Frank Ocean Shares New Version of "Slide On Me" feat. Young Thug in Surprise 'blondedRADIO' Broadcast
Frank Ocean Shares New Version of "Slide On Me" feat. Young Thug in Surprise 'blondedRADIO' Broadcast

Frank Ocean Has Plenty Of Unreleased 'Blonde' & 'Endless' Material

Turns out that Frank Ocean has plenty of unreleased Endless and Blonde recordings that may or may not ever see the light of day.

In an interview with Pitchfork, guitarist Billy "Spaceman" Patterson, who worked on both albums, said that there's hours of material that didn't end up making it on to either release.

"There's a lot of stuff that we recorded that I still haven't heard yet," Patterson said. "We recorded a lot of music."

According to the story Patterson and Ocean were often involved in lengthy studio sessions, as the former contributed acoustic and electric guitar, as well as guitar synthesizer work while recording.

"We'd go in the studio for a long time," Patterson said. "Our sessions are like, man, we had like 14 hour, 15, 16 hour sessions. So there's a whole lot of music that we wind up covering...we're creating continually. So something may happen and [Frank might] say, 'Oh, that's nice, let's try this here.'"

Endless credits Patterson for guitar on "In Here Somewhere," "Rushes" and "Deathwish (ASR)." He said he's also on Endless tracks "Slide on Me" and "U-N-I-T-Y.”  On Blonde, the artist has contributions on "Nights"; "Skyline To"; "Seigfreid"; "Ivy"; and "Pink & White."

In other Ocean related news, the elusive artist might have given his first (and probably only) interview of the year with Zane Lowe.

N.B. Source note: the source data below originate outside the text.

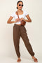 A pair of maternity joggers featuring an elastic waistband, a drawstring accent, side pockets and smocked elastic at the ankles.
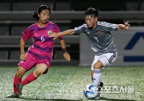 광주 광산중의 신윤아가 19일 경남 창녕스포츠파크에서 진행된 ‘제28회 여왕기 전국여자축구대회’에서 충남 강경여중을 맞아 김하은와 공을 다투고있다. 2020.08.19. 창녕 | 김도훈기자 dica@sportsseoul.com
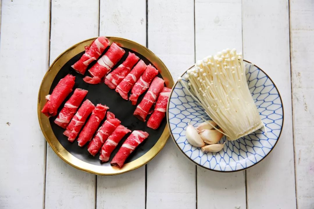 肥牛卷 200g / 金针菇 100g / 大蒜 4颗
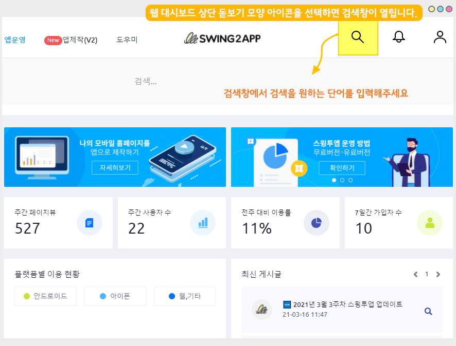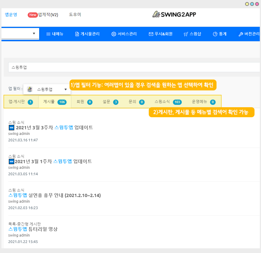 스윙투앱 앱운영페이지에서 제공하는 [전체 검색 기능] 이용방법
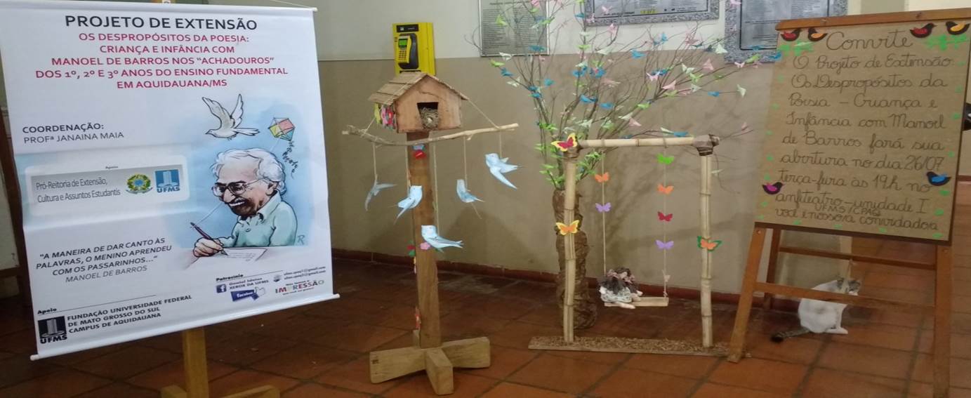O projeto de extensão “Os despropósitos da poesia: criança e infância com Manoel de Barros” tem levado a crianças da rede pública municipal de Aquidauana atividades diferenciadas para seu desenvolvimento. Alguns dos objetivos são: proporcionar a elas uma infância saudável e imaginativa por meio da literatura; propiciar a alfabetização baseada em uma formação literária, cultural e artística; garantir o acesso gratuito à cultura literária sul mato grossense, baseados nas obras de Manoel de Barros; oportunizar atividades práticas que integram as diversas áreas do conhecimento para fortalecer e ilustrar a correlação entre arte, cultura, e as outras formas do saber; e oferecer uma formação multidisciplinar, onde a interação entre duas ou mais disciplinas tem como meta superar a fragmentação do conhecimento.
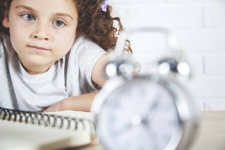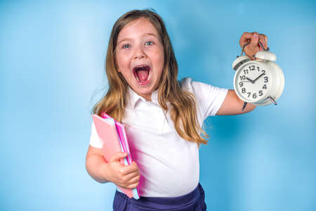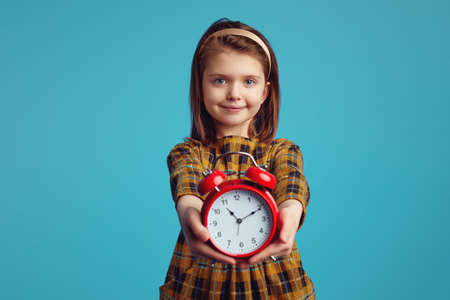 Punctual teen girl checking time. Child with alarm clock showing time. Happy girl face, positive and smiling emotions.
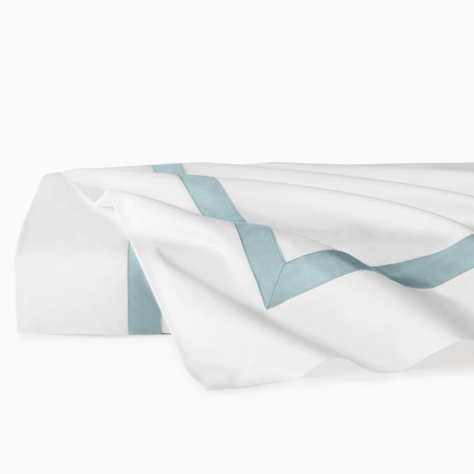 The understated sophistication of Estate's crisp white, Italian-woven long-staple cotton base is an immaculate backdrop for lustrous sateen appliqué detail, beautifully bordering this collection to create a sense of tailored elegance.

"Frank and I have known each other for a few years. So he trusts me enough to get on FaceTime," Lowe said in an interview with the Evening Standard magazine. "But if [that interview] doesn't work and it's not coming together, there's that moment where you have to ask yourself: 'How badly do you want to deliver this for Frank, and for the audience? And is this going to be the best way to do both?'"

He then added:

"Deciding within a few hours to jump on a plane for Tokyo to interview Frank Ocean, and getting the go-ahead from him by text — 'Yeah, do it, get on a plane' — and that's all we have: we don't have a time, we don't have a location and there's a freedom in that which makes it incredibly exciting to be working in this modern framework."

So at least if we never get these extra recordings hopefully we'll be getting a new interview.